Wednesday, February 15, 2012

The Tradition of Tail Docking

I don't have a docked breed. I have friends who do, and who feel passionately about the matter. Sometimes this passion is beyond my comprehension, I have to admit.

For instance, the current kerfuffle in the world of Rottweilers, apparently, is whether or not the AKC breed standard should include a description of a correct undocked tail. Personally, I think they can either say nothing and end up with every European Rottie with a rotten tail over here where the judges don't know what's wrong with it, or they can ban undocked Rotties from the ring altogether and lose pretty much all international competition, because most of Europe has now banned the practice of docking. Either one seems like a bad outcome to me, since it's all about something non-genetic in a forum that's supposed to be all about fitness to breed, and I doubt every tailed Rottie in Europe is completely devoid of good genes. However, I'm not a Rottie person.

I've asked what the justification for docking is, and I've had a couple of answers, but the upshot is that traditionally the Rottie pulled carts and was a cattle drover. Now, there are carting breeds with tails and cattle dogs with tails, but--okay. Tradition has spoken. We have here an argument from tradition. I herd sheep with my shepherd, which is about as traditional an activity as you could want.

However, I have some problems with arguments from tradition, and the big one is that traditionally humans can be a pretty rotten species. For instance, if you have one of the large South American breeds that descended from the Spanish mastiff types, you might have trouble feeding it a traditional diet. You see, they were fed the quartered remains of the Inquisition as it took place on this side of the Atlantic. If you want to run down to Pet Supermarket and see if they have a nice bag of kibbled unbeliever in between the no-grain lamb and the Olde Fashioned Midden Heape special, go ahead. I'll wait here and you can report back, but I suspect that's a special-order item.

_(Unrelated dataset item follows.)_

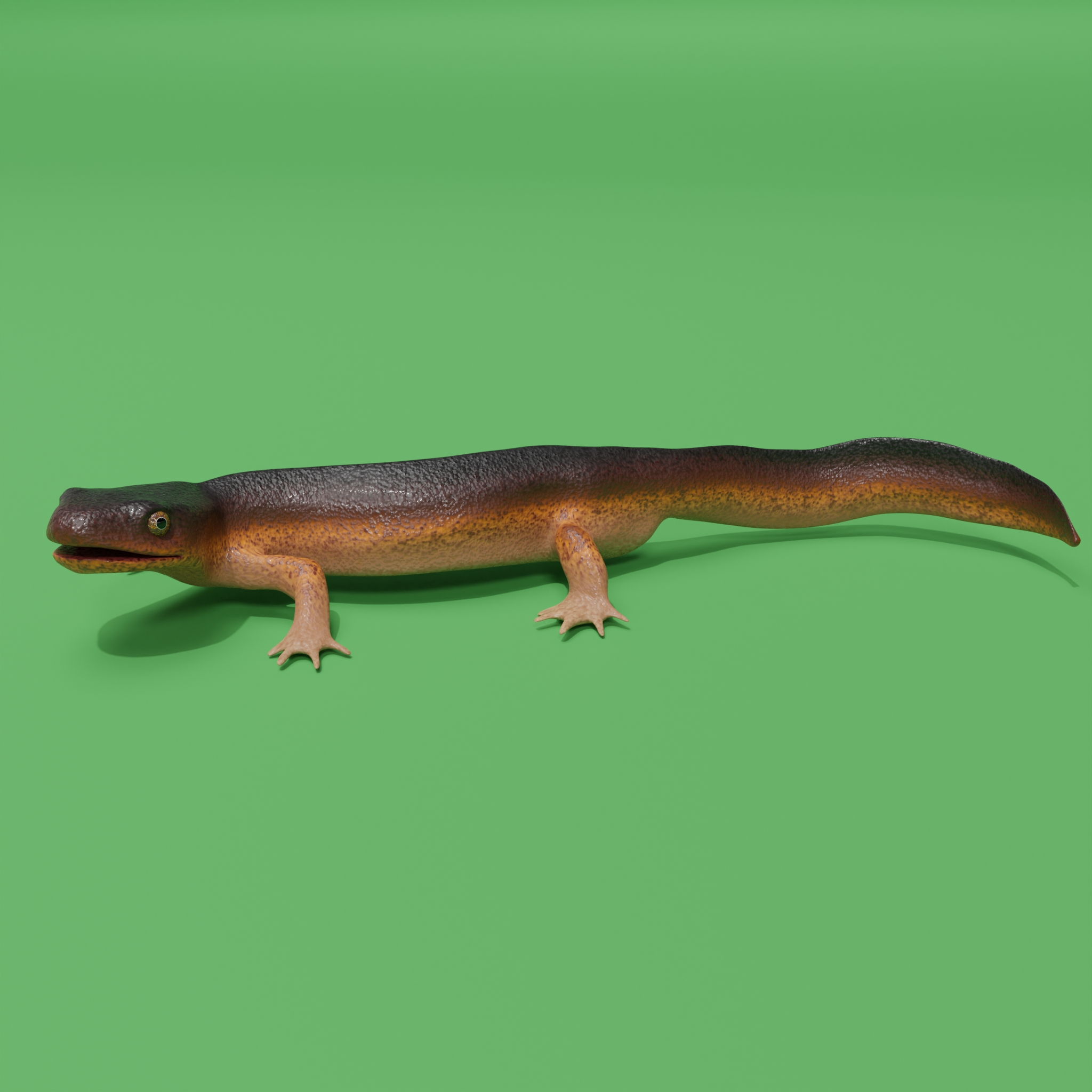 Das Modell ist geriggt und für die Animation vorbereitet. Es ist prozedural texturiert und daher sehr klein im Speicherbedarf. Der Schwertschwanzmolch (Cynops ensicauda) ist eine Art echter Salamander aus Japan. Es wurde kürzlich auf Japans Rote Liste der bedrohten Amphibien gesetzt.

Given that we've abandoned traditions before, it may be time to find a fresh argument for things like tails. I can understand cropped ears: many breeds have very delicate ears that are easily shredded if they gallop through a thorn bush as dogs seem to be crazy to do, and cropping toughens the edges. Docking a Dobe I kind of get, as they have very slender tails which are easily broken when they clear something too solid off your coffee table. But a Rottie tail? It's just like a shepherd's tail. Solid, nice curve, normally carried low enough that if it was interfering with a cart, the dog's trotting hocks would be, too.

So I still don't get it. Comments are welcome if you think you can explain it better, honest. I'm open to being convinced. I'm not militantly anti-docking or anything, I just don't understand.